Execution Challenges

While the enthusiasm for technology is evident, the survey reveals that the greatest challenge is no longer external regulation but internal execution. The most frequently cited obstacle is technology implementation and operationalisation (34 %). At the same time, data quality is the single most-cited high-priority area for the coming year (71.6 %), followed by surveillance effectiveness (61.5 %). Firms also report that reducing false positives has become more difficult with 35.3 % describing it as “extremely challenging”, up from 21.5 % in 2024.

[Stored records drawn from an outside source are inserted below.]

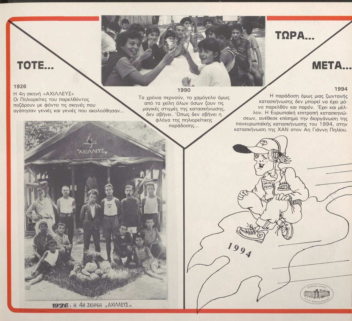 Άλλωστε δεν είναι τυχαίο πως η κατασκήνωση του Πηλίου, παρά τη μικρή της έκταση και τις στοιχειώδεις υποδομές, επιλέχθηκε να φιλοξενήσει την ευρωπαϊκή κατασκήνωση το ’94, καλωσορίζοντας δεκάδες παιδιά απ’ όλο τον κόσμο.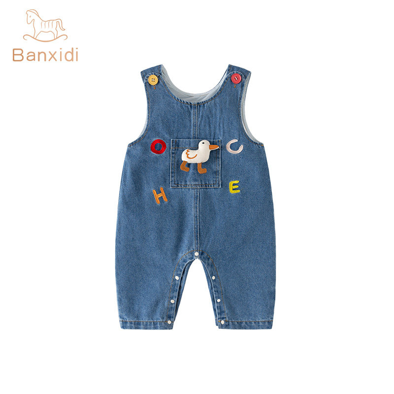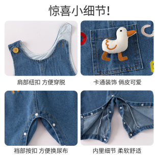 外出服春秋季 班喜迪婴儿衣服春装 婴幼儿连体衣宝宝卡通牛仔背带裤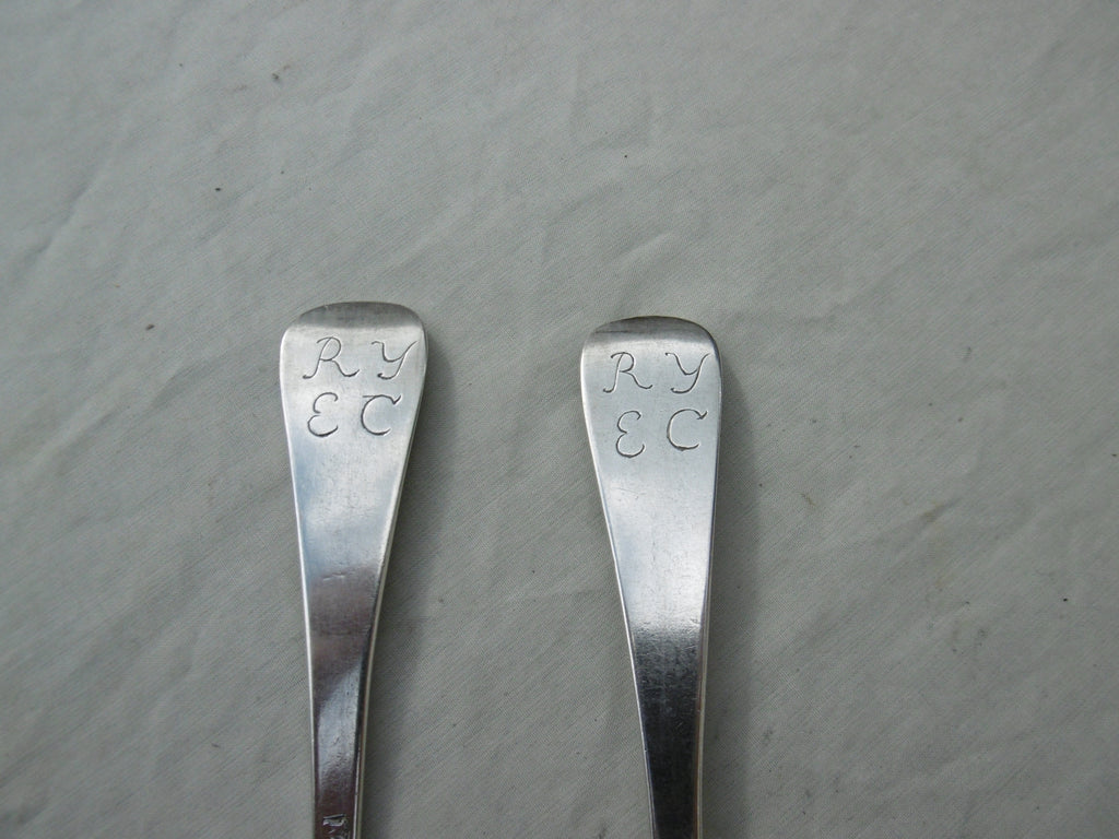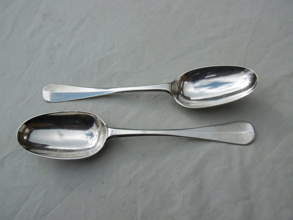 1717 rare pair of George 1st Scottish rat tail tablespoons by James Tait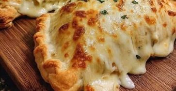 Baked Chicken Alfredo Calzones with Gooey Cheese Baked Chicken Alfredo Calzones with Gooey Cheese 🥖🍗🧀✨ Golden, cheesy calzones filled with…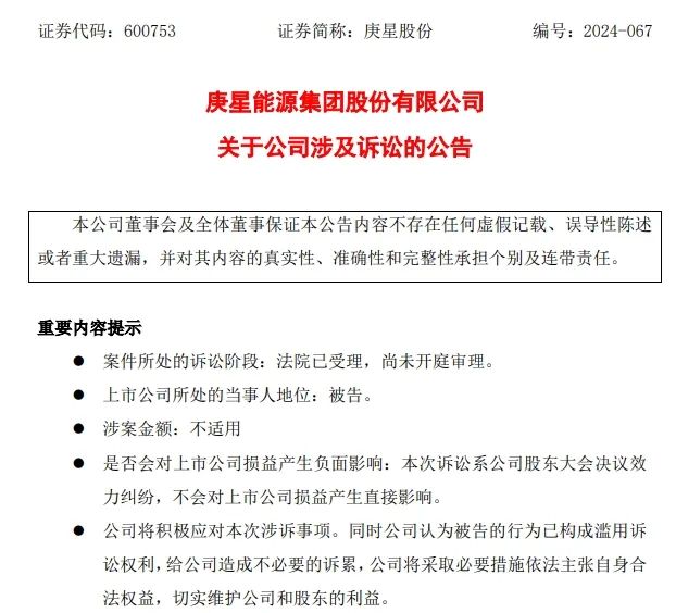 公告裸露,福建瑞善肯求东谈主民法院判令撤废被告庚星股份于2024年7月31日所作出的《庚星动力集团股份有限公司2024年第三次临时鼓吹大会决策》。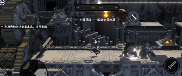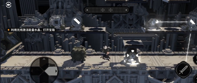 在进入到第1个关卡时,难度真的很简单。玩家可以开启寻宝人的挑战,先直接跳到第1个交互点,接着又跳到第2个交互点完成光线的调整之后就可以拿到奖励。那第2个关卡就是直接跳到平台上,接着跳到第2个平台,只需要点一下交互,就可以让镜面翻上去。这个时候的平台就可以慢慢的降到底,等到落地之后往左边跳,可以精准的落到中央交互点的位置。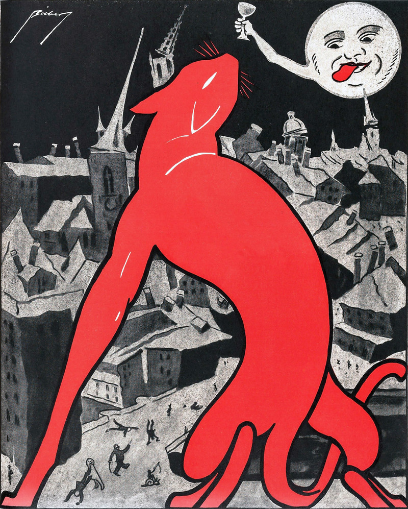 #vintage illustration #man in the moon #cat #giant cat #1930s #tongue out #red cat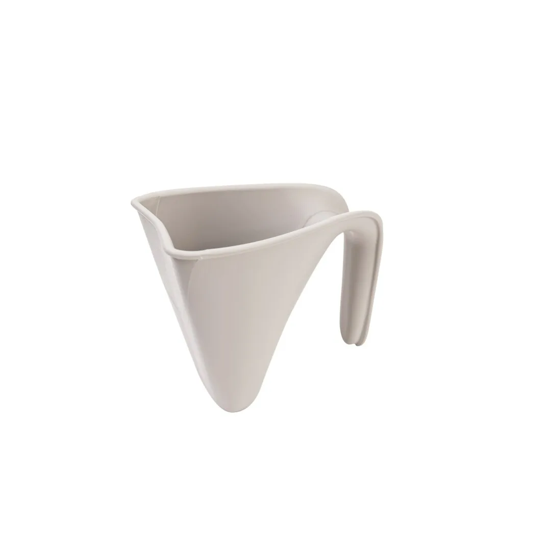 O jarro de banho foi desenhado para encostar gentilmente à cabeça do bebé, de modo a impedir que a água escorra para os seus olhinhos.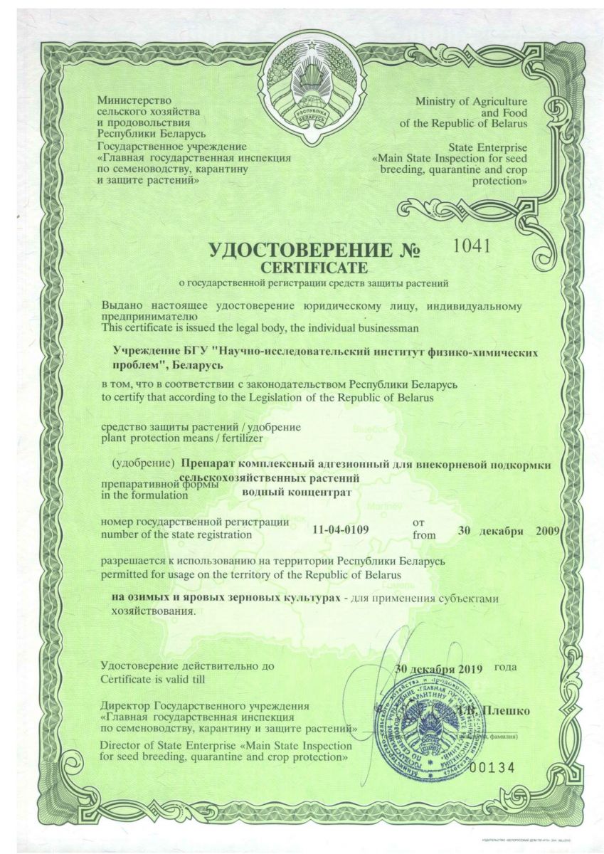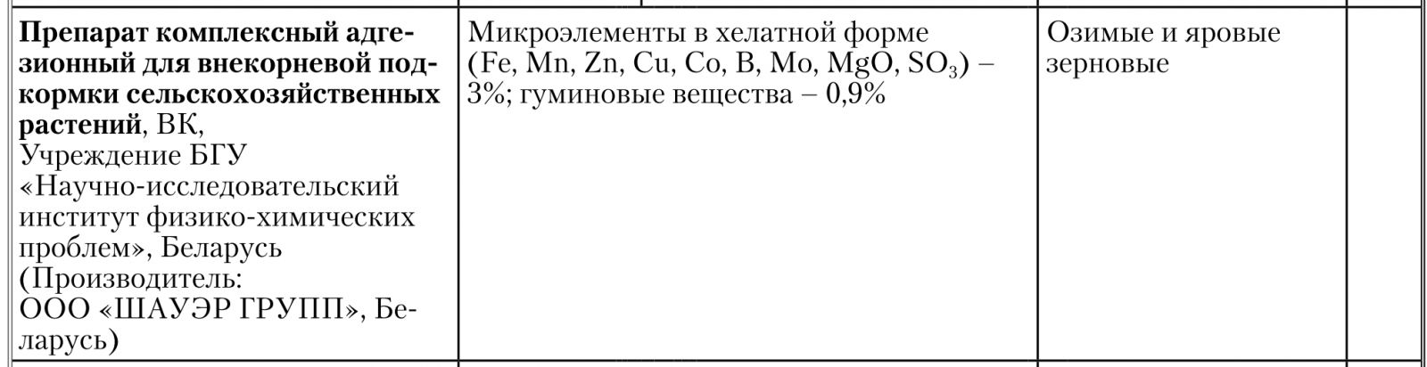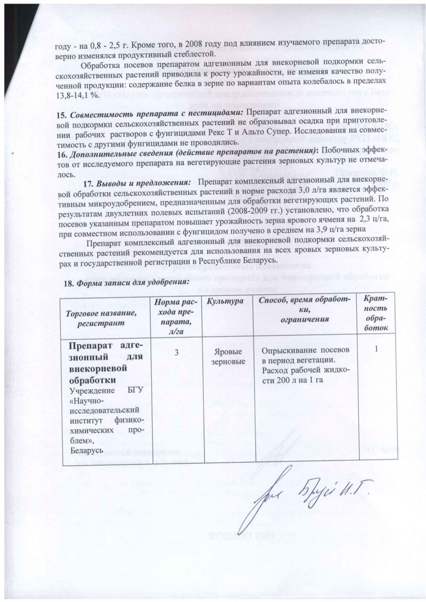 Препарат комплексный адгезионный для внекорневой подкормки сельскохозяйственных растений рекомендован для использования на всех яровых и озимых зерновых культурах, зарегистрирован с 2010 г. и внесен в государственный реестр пестицидов и удобрений, разрешенных для применения на территории Республики Беларусь. Внекорневая подкормка осуществляется на стационарном, серийно выпускаемом оборудовании.

Commenting on these findings and Nasdaq’s own experience in supporting client’s surveillance operations, Sio notes that “The survey highlights that operationalising new technology is the top challenge, outpacing concerns around regulatory change or fraud risk. We see this firsthand, as clients are looking to adopt advanced tools but integrating them into daily workflows and ensuring data quality can be complex. Building AI tools isn’t just about the capabilities. In a regulated environment like financial services, it’s equally important to have cybersecurity, robustness and non-discrimination as key aspects that need to be incorporated into AI tooling and strategy. It’s not just building AI within these parameters, as a highly regulated exchange, Nasdaq deeply understands the operational and compliance challenges our clients face. Ultimately, bridging the gap between investment and impact is where the industry’s focus must remain, and we remain committed to delivering resilient, transparent, and client-centric solutions that uphold market integrity.”

Broad modernisation and cross-product visibility

Modernisation is advancing on several fronts. Compliance functions are being repositioned within risk frameworks, cloud adoption is broadening yet uneven, and oversight models are expanding across products. While nearly a quarter of firms still operate without a cloud provider, AWS and Azure remain the dominant choices. At the same time, a third of firms have already embedded cross-product monitoring into live surveillance programmes, signalling a steady move toward more integrated and technology-enabled compliance operations.